In the hallway of the second house, he heard it: a faint scritch on the other side of the wall.

Not metal. Not boots. Soft.

A whisper.

"Friendly, hey— I can hear you out there—"

Too smooth. Too practiced.

Barry froze.

Locals talk now, Jay had said. They know the lines.

The voice came again, closer to the crack in the drywall. "Just need a share, man. Just a—"

Barry stepped back on silent feet, out of the hallway, out of their angle.

He didn't answer.

Silence.

Then, barely audible behind the wall, a different voice, rougher:

"Did he bite?"

"Nah. Next one."

Locals.

He left.

HUD:

T+11:38

First extract at 21:10. He could make it easy.

Temptation pulled: two more houses, one more block, better haul.

He ignored it.

"You get greedy, you get dead," he muttered.

He cut through a back lot toward the marked extract: a half-collapsed parking garage with a shimmering field on the lower level.

On the way down the broken ramp, he heard a gunshot crack behind him and went flat by reflex. Concrete dusted his hair.

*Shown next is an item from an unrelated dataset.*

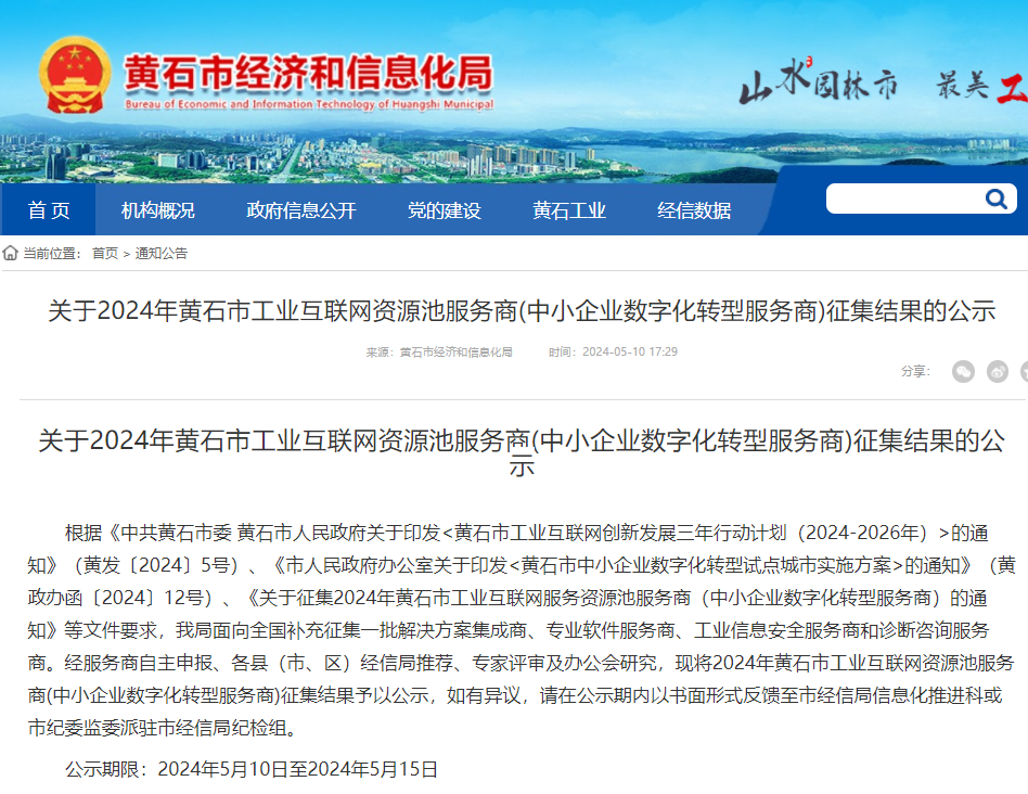 2024年5月,由黃石市經信局發(fā)布《關于征集2024年黃石市工業(yè)互聯(lián)網服務資源池服務商(中小企業(yè)數(shù)字化轉型服務商)的通知》,20家單位成功獲批成為中小企業(yè)數(shù)字化轉型服務商。武漢智能裝備工業(yè)技術研究院以專業(yè)軟件服務商、診斷咨詢服務商為服務方向,獲評成為黃石市中小企業(yè)數(shù)字化轉型服務商之一。

Murderhobo laughter rolled.

"Shit, sorry, thought you were a Local!"

Liar.

Barry didn't turn back. Didn't lecture. Just moved lower, staying in cover until he saw the extract zone: a circular pad glowing pale green, guarded by a pair of Blue-Eye sentry pods.

Two runners already in the zone tensed as he approached, then relaxed at his basic kit.

He stepped in.

Collar hum:

EXTRACT 1 — ACTIVESYNCING…

Five seconds.

No spider. No bomb. No charge.

Just his heart and the faint hum of NEXUS reading his inventory.

SYNC COMPLETEROUND STATUS: SURVIVEDEXITING FIELD 2

White.

Then Stack air, brighter neon, shouting, alive.

Barry checked his pack.

Water, food, meds, filters—plus all his limbs un-charred.

Collar ping:

PERSONAL CREDIT: +22CLINIC ACCESS: UPDATED

Not as crazy as the bomb run. Better than the spider run. Safe.

Good.

He let himself smile for half a heartbeat.

It vanished quick.

Because safe had a cost too: if he never took bigger risks, Lissa's counter would always hover in that one-week margin, never further.

But for tonight?

Quiet feet. Clean extract. No new scars.

He could live with that.

He stepped off the pad and into the crowd, already thinking like a goblin accountant:

How much to Lissa. How much to him. How much for one more plate upgrade. How long until NEXUS stopped treating him like background noise and made another move.

After they lost, sometimes the bravest thing you did in a warzone was walk away early.